* _Task goal_
Please repeat exactly the lines below from the line with "露营场景的渲染让用户潜在需求" to the line with "As cubas, no", including both, and leave out every picture.

* _Excerpted records_
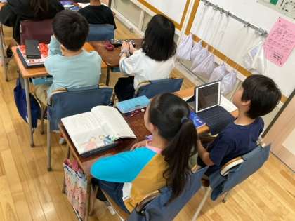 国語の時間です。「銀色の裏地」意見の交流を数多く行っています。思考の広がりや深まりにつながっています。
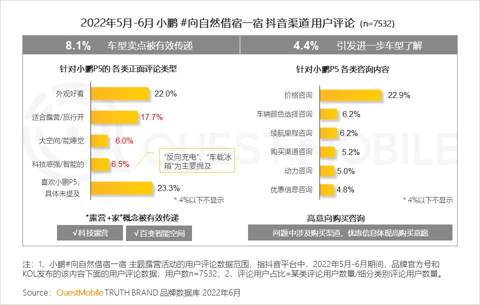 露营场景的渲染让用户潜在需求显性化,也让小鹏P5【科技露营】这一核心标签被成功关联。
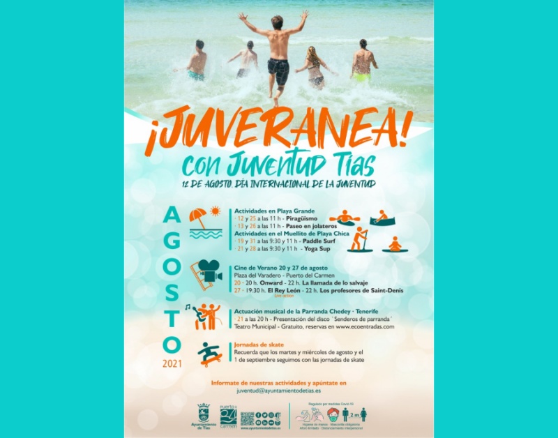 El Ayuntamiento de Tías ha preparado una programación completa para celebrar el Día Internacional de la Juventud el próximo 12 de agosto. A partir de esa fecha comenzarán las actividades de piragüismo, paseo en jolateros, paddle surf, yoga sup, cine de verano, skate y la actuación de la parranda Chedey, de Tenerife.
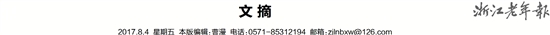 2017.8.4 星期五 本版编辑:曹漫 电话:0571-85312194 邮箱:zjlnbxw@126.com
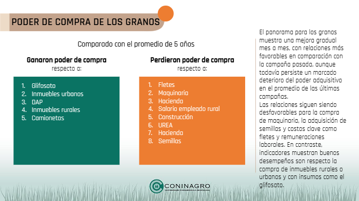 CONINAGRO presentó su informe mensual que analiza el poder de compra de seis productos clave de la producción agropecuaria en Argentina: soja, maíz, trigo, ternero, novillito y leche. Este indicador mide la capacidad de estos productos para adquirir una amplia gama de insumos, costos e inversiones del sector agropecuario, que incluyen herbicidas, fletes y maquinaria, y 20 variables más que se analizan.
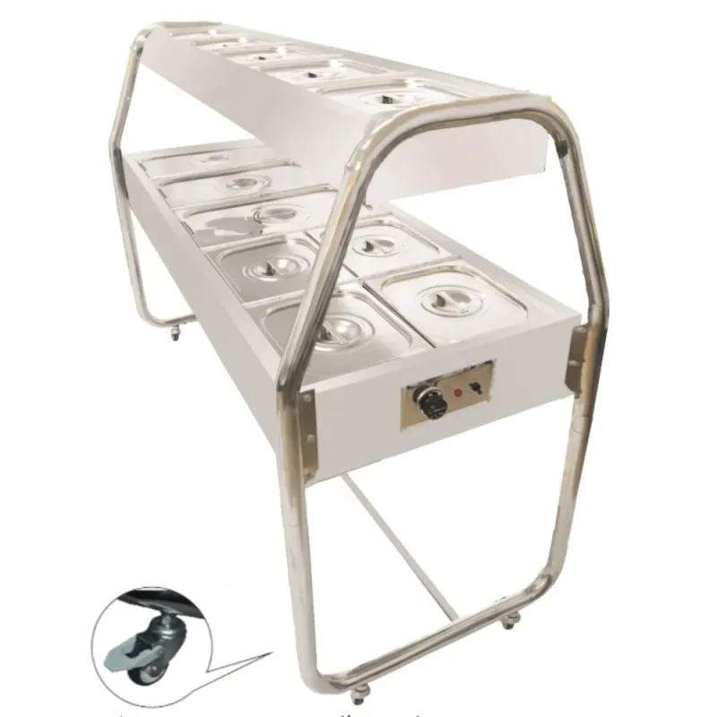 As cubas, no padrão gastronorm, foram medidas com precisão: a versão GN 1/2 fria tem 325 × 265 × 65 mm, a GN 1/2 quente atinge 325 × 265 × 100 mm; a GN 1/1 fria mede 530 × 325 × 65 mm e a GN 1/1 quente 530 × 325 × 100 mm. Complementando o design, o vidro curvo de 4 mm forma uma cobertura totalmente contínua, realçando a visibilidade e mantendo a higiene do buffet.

* * *

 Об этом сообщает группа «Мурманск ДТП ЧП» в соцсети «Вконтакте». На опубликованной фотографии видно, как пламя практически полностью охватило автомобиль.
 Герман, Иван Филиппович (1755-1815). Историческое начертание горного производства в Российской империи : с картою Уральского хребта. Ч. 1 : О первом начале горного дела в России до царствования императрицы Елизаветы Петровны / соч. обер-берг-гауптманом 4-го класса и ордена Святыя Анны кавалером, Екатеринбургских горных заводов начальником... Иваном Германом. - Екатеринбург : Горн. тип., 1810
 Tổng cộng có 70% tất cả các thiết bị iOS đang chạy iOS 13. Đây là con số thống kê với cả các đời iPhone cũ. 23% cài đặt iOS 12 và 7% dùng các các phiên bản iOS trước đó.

* _Solution for this exercise_
 露营场景的渲染让用户潜在需求显性化,也让小鹏P5【科技露营】这一核心标签被成功关联。
 El Ayuntamiento de Tías ha preparado una programación completa para celebrar el Día Internacional de la Juventud el próximo 12 de agosto. A partir de esa fecha comenzarán las actividades de piragüismo, paseo en jolateros, paddle surf, yoga sup, cine de verano, skate y la actuación de la parranda Chedey, de Tenerife.
 2017.8.4 星期五 本版编辑:曹漫 电话:0571-85312194 邮箱:zjlnbxw@126.com
 CONINAGRO presentó su informe mensual que analiza el poder de compra de seis productos clave de la producción agropecuaria en Argentina: soja, maíz, trigo, ternero, novillito y leche. Este indicador mide la capacidad de estos productos para adquirir una amplia gama de insumos, costos e inversiones del sector agropecuario, que incluyen herbicidas, fletes y maquinaria, y 20 variables más que se analizan.
 As cubas, no padrão gastronorm, foram medidas com precisão: a versão GN 1/2 fria tem 325 × 265 × 65 mm, a GN 1/2 quente atinge 325 × 265 × 100 mm; a GN 1/1 fria mede 530 × 325 × 65 mm e a GN 1/1 quente 530 × 325 × 100 mm. Complementando o design, o vidro curvo de 4 mm forma uma cobertura totalmente contínua, realçando a visibilidade e mantendo a higiene do buffet.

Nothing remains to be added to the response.